TRY IT >> Reproduce nothing beyond the line containing "下完飞机后我们在智行软件上花". From the first line of the data below down to it, copy each line exactly, without the pictures.

RECORDS SHOWN >>

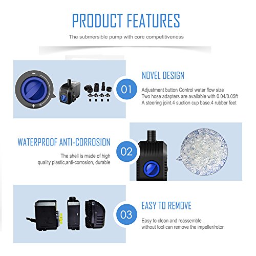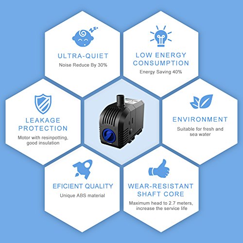Perfect apply to fountain, fresh and saltwater aquariums, rockery ponds, hydroponic systems and filter systems
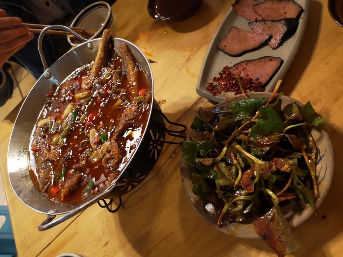 下完飞机后我们在智行软件上花了58元(平台一口价)的接机车到成都宽窄巷子附近酒店。安顿好后第一顿马上奔往大火锅啦,大龙火锅,就在宽窄巷子附近,推荐肥牛,不要大块的牛肉太硬了,店里还有脑花,讲实在我咬了一口马上吐了,作为一个南方孩子接受不到。但火锅胜在牛油,很香,味道还不错,价格略贵,但是本地人推荐这个,我们也是瞎问的旅馆老板。人均100元。
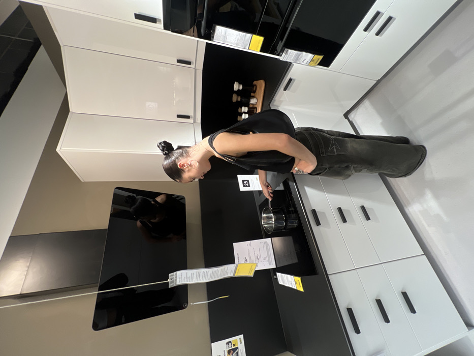 The image displays a modern kitchen showroom setup within what is identified as IKEA Brighton, located at Brighton Road, Lancing, United Kingdom. A single individual, appearing female, stands in profile, facing a black induction stovetop. She has dark hair styled in a high bun and is wearing hoop earrings, a black sleeveless crop top, and dark, wide-leg trousers. Her left hand rests on her hip, while her right hand is extended towards a small stainless steel pot positioned on the stovetop, suggesting interaction or inspection. The kitchen display features white, glossy upper and lower cabinets with black bar handles. A black countertop and splashback surround the stovetop area. Above the stovetop is an angled black glass kitchen hood, which reflects the individual's upper body and partially another person's legs. To the right, a black built-in oven unit is integrated into white cabinetry. On the countertop in the corner, a small wooden tray holds several small bottles or jars. Various yellow and white product information tags are visible, one displaying "25" and another partially visible with "10.99" and "RENAULT" text. The floor is a light, neutral color, reflecting some light.
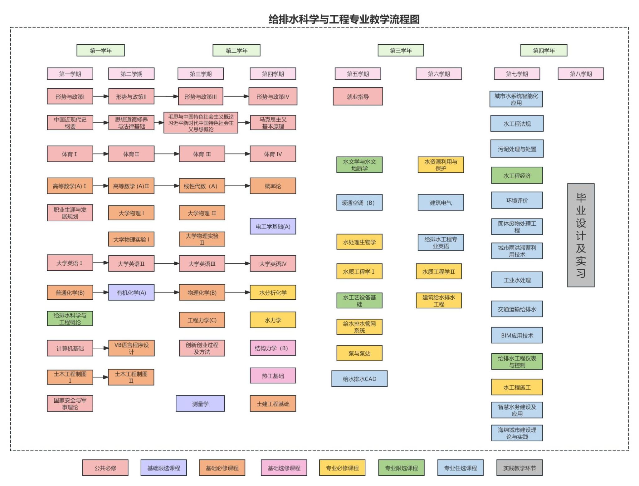 认识实习、生产实习、测量实习、水力学实验、化学实验、水处理生物学实验、水质工程学实验、课程设计、毕业实习、毕业设计等。
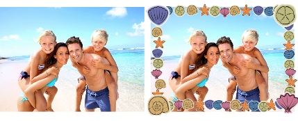 您可以使用「影像圖章」工具以物件集合進行塗畫。例如,您可以新增蝴蝶和甲蟲至野餐設定,或是用花朵框住圖片。您可以使用 Corel PaintShop Pro 提供的任一種影像圖章,或是自訂影像圖章。
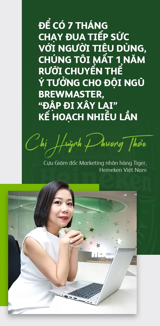 - Tôi mất 6 tháng để suy nghĩ, cân nhắc trước khi quyết định rời ngành chăm sóc sức khỏe. Thời điểm ấy, tôi “thèm” nạp nguồn năng lượng mới, nhanh và sôi động hơn. Khi cảm thấy bản thân phù hợp với đặc thù của ngành bia là kết nối, tận hưởng cuộc sống và phù hợp với giá trị cốt lõi của Heineken Việt Nam, tôi cảm thấy hứng thú và quyết định gia nhập công ty. Lúc đó, công ty đang tìm người đảm trách nhãn hiệu Tiger. “Bài toán” tiếp theo tôi đối mặt là có đủ bản lĩnh để đảm nhận nhãn hàng đầy nam tính này không?
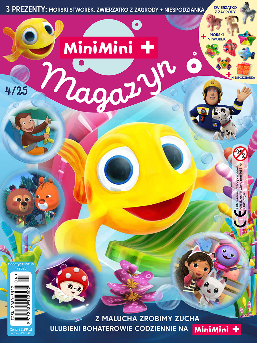 Czwarty numer magazynu MiniMini jest wypełniony atrakcjami od pierwszej strony do ostatniej. Na Czytelnika czekają aż trzy prezenty: morski stworek, zwierzątko z zagrody i niespodzianka!
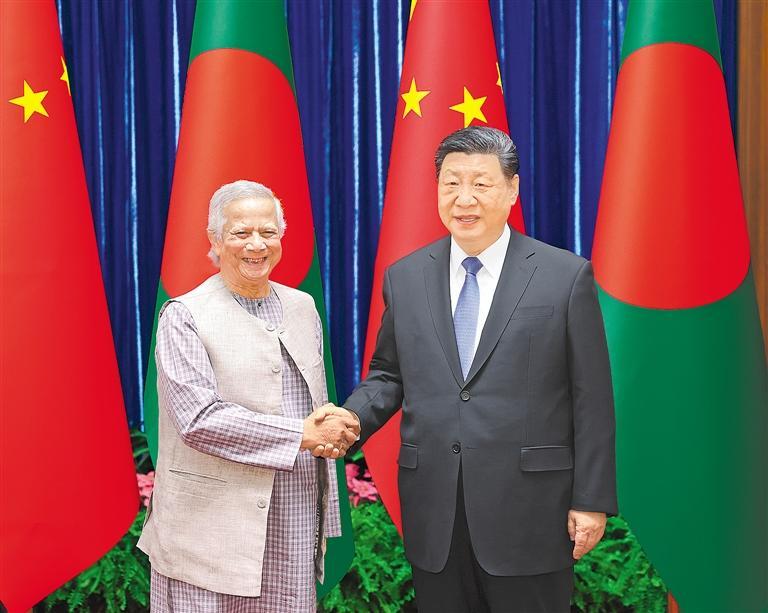 新华社北京3月28日电(记者董雪、冯歆然)3月28日上午,国家主席习近平在北京人民大会堂会见孟加拉国临时政府首席顾问尤努斯。
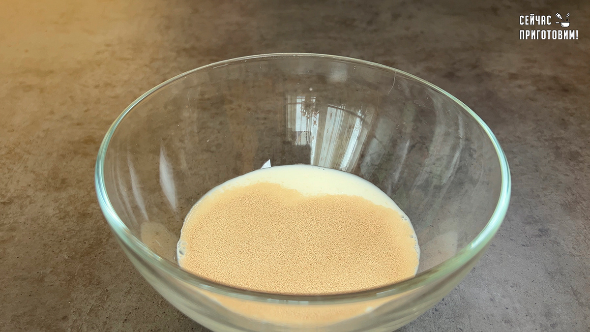 - В глубокой миске смешать 100 мл теплого молока с ложкой сахара и 8 г сухих или 25 г свежих дрожжей.

WRITTEN RESPONSE >>
Perfect apply to fountain, fresh and saltwater aquariums, rockery ponds, hydroponic systems and filter systems
 下完飞机后我们在智行软件上花了58元(平台一口价)的接机车到成都宽窄巷子附近酒店。安顿好后第一顿马上奔往大火锅啦,大龙火锅,就在宽窄巷子附近,推荐肥牛,不要大块的牛肉太硬了,店里还有脑花,讲实在我咬了一口马上吐了,作为一个南方孩子接受不到。但火锅胜在牛油,很香,味道还不错,价格略贵,但是本地人推荐这个,我们也是瞎问的旅馆老板。人均100元。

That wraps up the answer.